THE IRANIAN PLATEAU AND THE NILE VALLEY
The map on [page 125] shows some sites which lie either outside or in an extension of the hilly-flanks zone proper. From the base of the great mound at Sialk on the Iranian plateau came an assemblage of early village material, generally similar, in the kinds of things it contained, to the catalogues of Hassuna and Judaidah. The details of how things were made are different; the Sialk assemblage represents still another cultural pattern. I suspect it appeared a bit later in time than did that of Hassuna. There is an important new item in the Sialk catalogue. The Sialk people made small drills or pins of hammered copper. Thus the metallurgist’s specialized craft had made its appearance.
There is at least one very early Iranian site on the inward slopes of the hilly-flanks zone. It is the earlier of two mounds at a place called Bakun, in southwestern Iran; the results of the excavations there are not yet published and we only know of its coarse and primitive pottery. I only mention Bakun because it helps us to plot the extent of the hilly-flanks zone villages on the map.

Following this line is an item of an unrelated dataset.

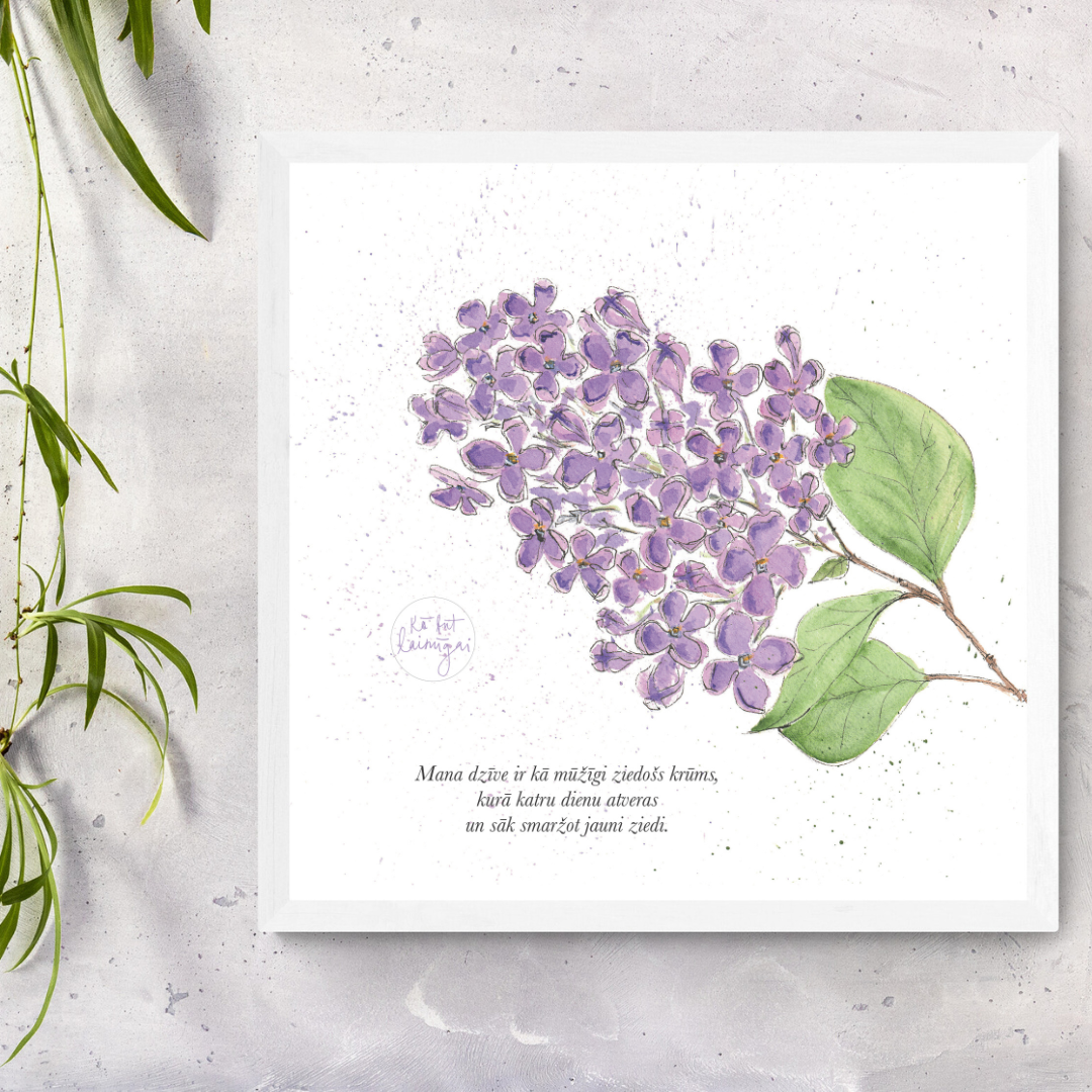 Attēls ar afirmāciju- laimīgais ceriņš.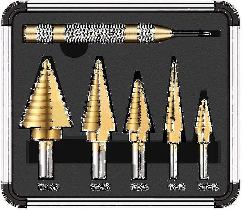 Step Drill Bit, 5pcs Titanium Drill Bit Set With Automatic Center Punch

The Nile Valley lies beyond the peculiar environmental zone of the hilly flanks of the crescent, and it is probable that the earliest village-farming communities in Egypt were established by a few people who wandered into the Nile delta area from the nuclear area. The assemblage which is most closely comparable to the catalogue of Hassuna or Judaidah, for example, is that from little settlements along the shore of the Fayum lake. The Fayum materials come mainly from grain bins or silos. Another site, Merimde, in the western part of the Nile delta, shows the remains of a true village, but it may be slightly later than the settlement of the Fayum. There are radioactive carbon “dates” for the Fayum materials at about 4275 B.C. ± 320 years, which is almost fifteen hundred years later than the determinations suggested for the Hassunan or Syro-Cilician assemblages. I suspect that this is a somewhat over-extended indication of the time it took for the generalized cultural pattern of village-farming community life to spread from the nuclear area down into Egypt, but as yet we have no way of testing these matters.
In this same vein, we have two radioactive carbon dates for an assemblage from sites near Khartoum in the Sudan, best represented by the mound called Shaheinab. The Shaheinab catalogue roughly corresponds to that of the Fayum; the distance between the two places, as the Nile flows, is roughly 1,500 miles. Thus it took almost a thousand years for the new way of life to be carried as far south into Africa as Khartoum; the two Shaheinab “dates” average about 3300 B.C. ± 400 years.
If the movement was up the Nile (southward), as these dates suggest, then I suspect that the earliest available village material of middle Egypt, the so-called Tasian, is also later than that of the Fayum. The Tasian materials come from a few graves near a village called Deir Tasa, and I have an uncomfortable feeling that the Tasian “assemblage” may be mainly an artificial selection of poor examples of objects which belong in the following range of time.